We did mention the focus of the article would be Mediation and we can bet most of you reading this thought there would be no mention of the Court but this is exactly how mediation is gaining ground in Kenya, through what is termed Court Annexed Mediation.
The Constitution of Kenya, 2010 under Article 159 (2) (c) one would say a major statement was made there as it provides ‘In exercising judicial authority , the Courts and Tribunals shall be guided by the following principles…alternative forms of dispute resolution including reconciliation, mediation, arbitration and traditional dispute resolution mechanisms shall be promoted…’ The application of this Article would now stand to counter the traditional perceptions of the only way one would resolve conflict would be to rush to Court and adopt the adversarial dispute resolution methods.
Court Annexed Mediation is generally defined as where the Registrar or other officer of the Court is the Mediator. The Registrars or Officers who conduct mediations are qualified as Mediators. In Kenya, this is mediation that is conducted under the umbrella of the Court. The pilot project was rolled out on 4th April 2016 and commenced in the High Court Family Division and at the High Court Commercial & Tax Division, Milimani Law Courts.
Cases filed after 4th April 2016 at the High Court Family Division and at the High Court Commercial & Tax Division, Milimani Law Courts were subjected to screening. The screening moving forward is carried out by a trained Court officer who reviews the details of each case filed in the said divisions and identifies whether or not the case should be referred to mediation.
The Courts have appointed Mediation Deputy Registrars who inform the parties in a dispute that the matter has been referred to mediation. Three mediators are then nominated from the list of accredited Mediators. The parties then chose their preferred Mediator. The Mediator will then set a date for initial mediation and notify the parties of the date and time.
The mediation proceedings ought to be concluded within sixty (60) days from the date of referral to mediation. This is however dependant on the parties’ commitment to conclude the mediation. Once the mediation is concluded the parties sign a Mediation Agreement which is then filed with the Mediation Deputy Registrar.
The mediation form of ADR is not without its challenges.

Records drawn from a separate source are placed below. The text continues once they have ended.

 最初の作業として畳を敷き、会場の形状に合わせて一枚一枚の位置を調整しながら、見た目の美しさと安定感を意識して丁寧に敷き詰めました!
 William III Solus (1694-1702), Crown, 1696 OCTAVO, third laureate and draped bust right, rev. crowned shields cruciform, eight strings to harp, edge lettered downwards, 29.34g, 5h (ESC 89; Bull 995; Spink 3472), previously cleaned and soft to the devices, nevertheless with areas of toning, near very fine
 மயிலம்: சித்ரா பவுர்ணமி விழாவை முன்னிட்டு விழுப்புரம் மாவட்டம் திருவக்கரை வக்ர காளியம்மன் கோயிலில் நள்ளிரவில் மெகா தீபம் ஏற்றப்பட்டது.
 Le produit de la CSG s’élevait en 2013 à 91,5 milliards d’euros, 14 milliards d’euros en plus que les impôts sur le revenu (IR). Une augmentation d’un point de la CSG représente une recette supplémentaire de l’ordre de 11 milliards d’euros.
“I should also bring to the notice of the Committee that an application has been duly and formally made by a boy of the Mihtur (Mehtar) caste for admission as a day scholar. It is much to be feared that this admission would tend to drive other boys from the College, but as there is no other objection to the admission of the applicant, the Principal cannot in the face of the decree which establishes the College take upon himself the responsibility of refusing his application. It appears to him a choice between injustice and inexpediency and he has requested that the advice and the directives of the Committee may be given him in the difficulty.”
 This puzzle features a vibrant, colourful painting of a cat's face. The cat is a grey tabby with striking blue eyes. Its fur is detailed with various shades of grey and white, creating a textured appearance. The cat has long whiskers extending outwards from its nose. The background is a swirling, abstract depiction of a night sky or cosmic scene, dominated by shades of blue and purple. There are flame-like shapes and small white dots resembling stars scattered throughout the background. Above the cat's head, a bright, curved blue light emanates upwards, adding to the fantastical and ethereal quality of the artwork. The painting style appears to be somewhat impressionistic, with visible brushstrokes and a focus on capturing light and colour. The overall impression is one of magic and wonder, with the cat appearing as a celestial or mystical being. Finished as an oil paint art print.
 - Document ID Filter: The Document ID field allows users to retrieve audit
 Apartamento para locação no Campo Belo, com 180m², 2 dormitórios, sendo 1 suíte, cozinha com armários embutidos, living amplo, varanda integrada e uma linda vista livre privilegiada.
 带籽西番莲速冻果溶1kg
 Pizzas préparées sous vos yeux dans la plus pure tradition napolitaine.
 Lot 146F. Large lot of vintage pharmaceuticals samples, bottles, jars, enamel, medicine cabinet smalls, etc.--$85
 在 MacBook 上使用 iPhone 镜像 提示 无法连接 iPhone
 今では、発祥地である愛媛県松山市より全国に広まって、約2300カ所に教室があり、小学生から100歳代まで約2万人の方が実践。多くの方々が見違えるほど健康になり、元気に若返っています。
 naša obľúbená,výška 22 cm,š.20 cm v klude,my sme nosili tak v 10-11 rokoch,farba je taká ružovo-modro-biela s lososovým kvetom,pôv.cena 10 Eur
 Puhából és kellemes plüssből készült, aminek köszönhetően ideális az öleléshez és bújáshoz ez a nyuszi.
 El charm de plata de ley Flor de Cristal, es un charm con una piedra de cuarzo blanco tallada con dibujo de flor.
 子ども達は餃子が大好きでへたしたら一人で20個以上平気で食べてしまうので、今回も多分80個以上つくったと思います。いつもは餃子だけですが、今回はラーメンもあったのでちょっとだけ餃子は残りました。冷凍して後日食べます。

An example would be the possible difficulty in enforcement of any decision arrived at by the Mediator since just as the definition of the term mediation suggests the mediator has no authoritative decision-making power. However, a mediation agreement, once signed by the parties and adopted by the Court, becomes enforceable by the Court as an Order/Judgment of the Court.
In a nutshell, particular break-through has been made in Kenya with the Court Annexed Mediation project and even though mediation is not the only form of ADR, its use within the Court system is definitely a step in the right direction.
Disclaimer: This article has been prepared for informational purposes only and is not legal advice. This information is not intended to create, and receipt of it does not constitute, a lawyer-client relationship. Nothing on this article is intended to guaranty, warranty, or predict the outcome of a particular case and should not be construed as such a guaranty, warranty, or prediction. The authors are not responsible for any actions (or lack thereof) taken as a result of relying on or in any way using information contained in this article and in no event shall be liable for any damages resulting from reliance on or use of this information. Readers should take specific advice from a qualified professional when dealing with specific situations.